De Wit zegt daarover in het interview: “Goede huisartsgeneeskunde betekent goed luisteren en communiceren, maar vooral ook weten wat goed medisch handelen is. Dat ‘evidence based’ denken heeft zich enorm positief ontwikkeld, met meer dan 100 professionele NHG-richtlijnen, die ook in de opleiding huisartsgeneeskunde worden gebruikt. De gerichte beroepsopleiding bestaat inmiddels uit twee jaar in een huisartsenpraktijk en één jaar externe stages. Dit heeft geleid tot een enorme kwaliteitsverbetering, waardoor de nieuwe generatie huisartsen veel beter weet wat ze doet.”
Huis van de Huisarts
Volgens De Wit kan alleen met een ‘great team’ de huisarts de spilfunctie binnen het Nederlandse zorgstelsel blijven houden. Hierbij staat in de toekomst het ‘Huis van de Huisarts’ centraal, waarbij de focus ligt op een wijkgerichte aanpak en samenwerkende professionals binnen het huisartsenteam. Daarin doen als het aan De Wit ligt de verpleegkundig specialisten en physician assistants de eerste opvang, praktijkondersteuners de chronische zorg, en de huisarts de coördinatie en de meer complexe patiënten.

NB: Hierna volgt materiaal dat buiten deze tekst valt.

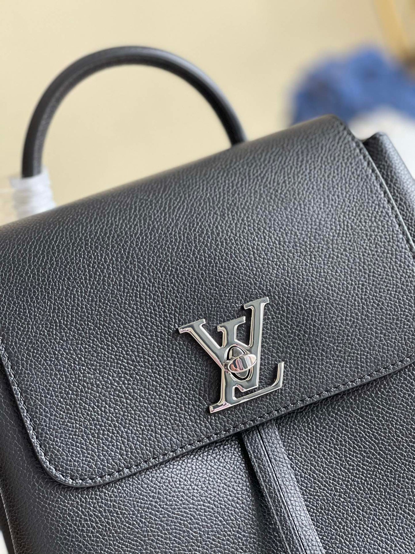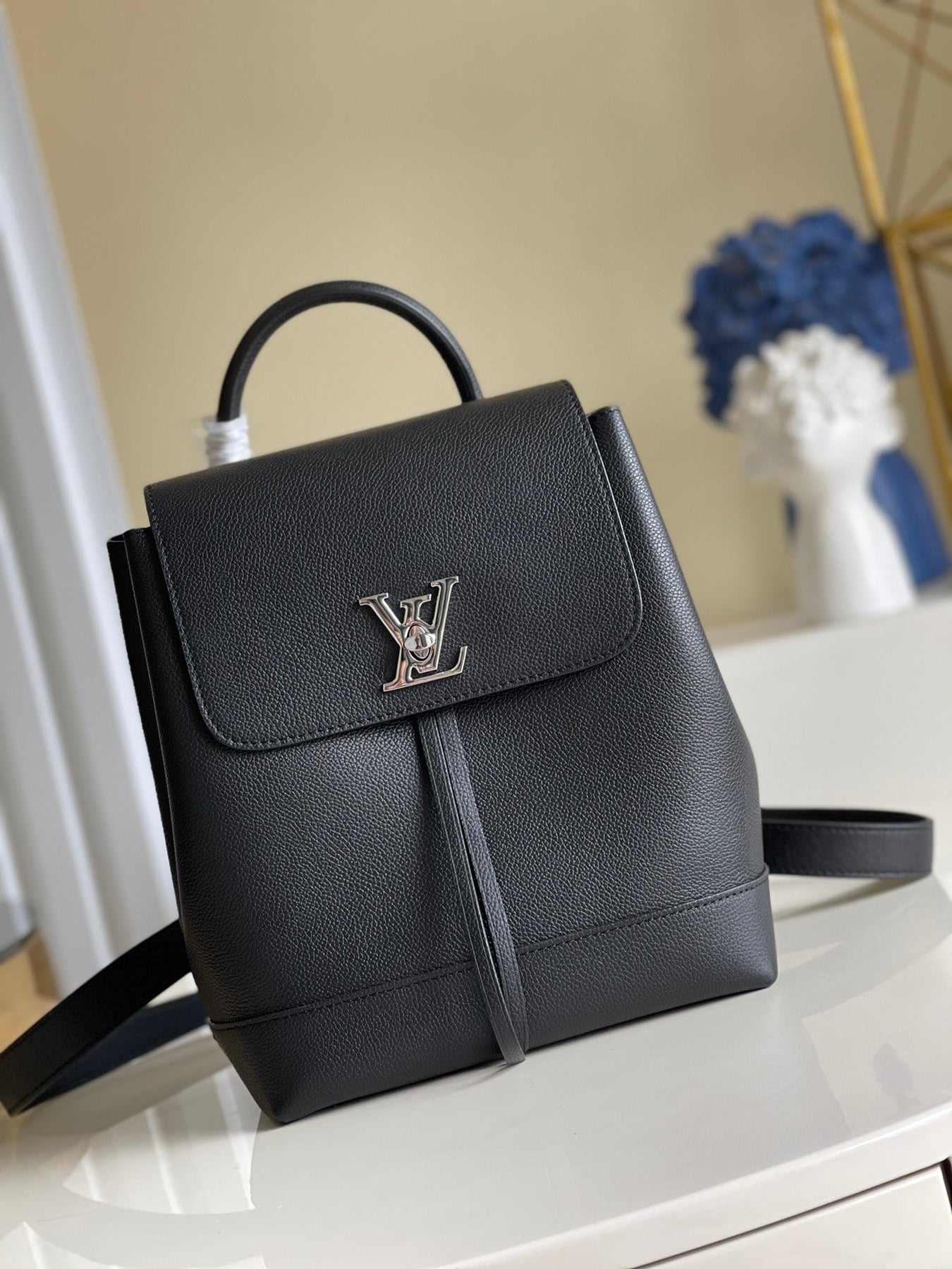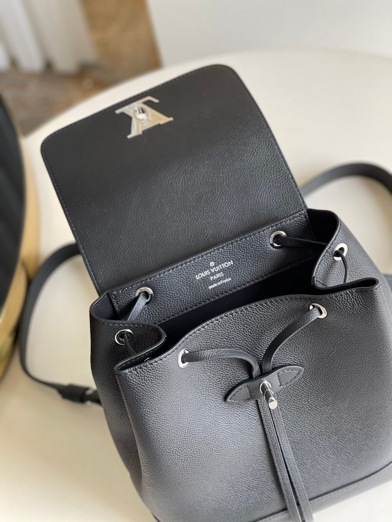 A sleek backpack with a youthful allure, the Lockme Backpack is crafted from fine-grained calfskin with a particularly soft hand. This lightweight daily bag offers good capacity and several carry options: by the top handle for an on-point look, on a single strap over the shoulder or classic backpack style. The LV turn lock adds a discreet signature.

Samen met collega’s van andere Utrechtse organisaties hielp Niek de Wit ook om de interprofessionele samenwerking in de regio vorm te geven. Een voorbeeld is GRIP: een onderzoek dat zich richt op samenwerking in oncologische zorg met ziekenhuizen, huisartsen en thuiszorgorganisaties. Het doel is om minder behandelingen in het ziekenhuis te doen en meer voor- en nazorg rondom kanker thuis te bieden. Zo spelen huisartsen en wijkverpleegkundigen een grotere rol in de oncologische zorg.
Regionale zorgnetwerken
Volgens De Wit vindt de zorg in de toekomst vooral plaats binnen regionale zorgnetwerken. Een voorbeeld hiervan is Health Hub Utrecht. Dat is een regionaal samenwerkingsverband rondom preventie en welzijn, met meer dan veertig partijen van gemeenten tot zorg- en kennisinstellingen. Een van de hoofdtaken is het verkleinen van gezondheidsverschillen.
Om de professionals voor te bereiden op de zorg van de toekomst, is toekomstgericht opleiden cruciaal. De universitaire ziekenhuizen spelen ook hierin een grote rol. Zo werkt het UMC Utrecht aan een nieuw curriculum Geneeskunde dat zich meer gaat richten op het voorbereiden van studenten op de zorg buiten het ziekenhuis. Dit wordt ook wel community engaged learning genoemd. Het is een manier van leren waarbij studenten bijvoorbeeld coschappen in de wijk en patiënten thuis begeleiden. Ook hierin speelt het regionetwerk een belangrijke rol. Er wordt samengewerkt met gemeenten, GGD, verpleeg- en verzorgingstehuizen en ouderenzorg, waar studenten stages kunnen lopen. Geneeskundestudenten worden zo beter voorbereid op hun rol in de toekomst.